The Paulines also staff the Jasna Góra Monastery in Częstochowa, Poland, which is Poland’s most famous shrine to the Blessed Virgin Mary. The Jasna Góra Monastery houses the original image of the Black Madonna of Częstochowa, which is also known as Our Lady of Częstochowa.
The Lower Church at American Częstochowa was designed to resemble the sanctuary and chapel at Jasna Góra, including a replica of the miraculous image of Our Lady above the tabernacle. Sitting in the chairs before the tabernacle and the replica of the miraculous image, there is a serene calmness that settles around you.
After spending some time in prayer and exploring the church and museum, we headed over to the festival. We took in the sights, sounds, aromas, and tastes of the Polish-American Festival. We enjoyed a few Polish delicacies, including placki (potato pancakes), gołabki (stuffed cabbage), kielbasa, and imported Polish pivo (beer).
After enjoying our lunch, we explored the festival. I was quite impressed with the replica of a 17th Century Polish encampment. I was especially enthralled with the regalia of the Winged Hussars. The Polish army under the capable command of King Jan III Sobieski singlehandedly defeated the Ottomans and won the Battle of Vienna in 1683.

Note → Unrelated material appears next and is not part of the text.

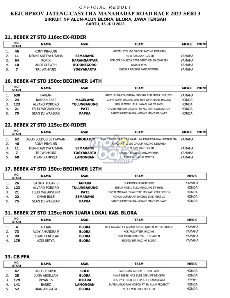 Dari keselurahan kelas yang dilombakan, di bawah ini merupakan Hasil Race Sabtu Kejurpov Jateng Casytha Manahadap Seri 3 adalah sebagai berikut: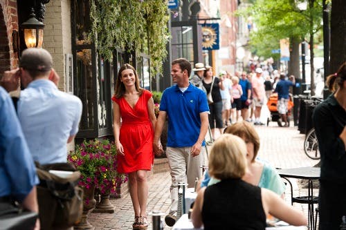 PHOTO: The heart of Old Town, King Street offers embellished storefronts, red brick sidewalks, a constant flow of pedestrians (and their pets), outdoor seating and the King Street Trolley. Photo by Colton Photography courtesy of Visit Alexandria

In a letter to Pope Innocent XI, Sobieski wrote, “Veni, vidi, Deus vicit”, which means “I came, I saw, God conquered”. Pope Innocent hailed Sobieski as the “Savior of Vienna and Western European civilization”. Many people like to poke fun at the military acumen of the Poles, but without them Western Civilization would have surely fell.
Before heading back home, we stopped into the shrine’s gift shop, which was chock full of religious items, including books, statues, rosaries, clothes, prayer cards, liturgical vestments, etc. If you get a chance I highly recommend you visiting the Shrine of Our Lady of Częstochowa, whether it be for a pilgrimage of prayer or for next year’s 51st Annual Polish-American Festival. You do not need to be Polish to have a truly awe inspiring experience.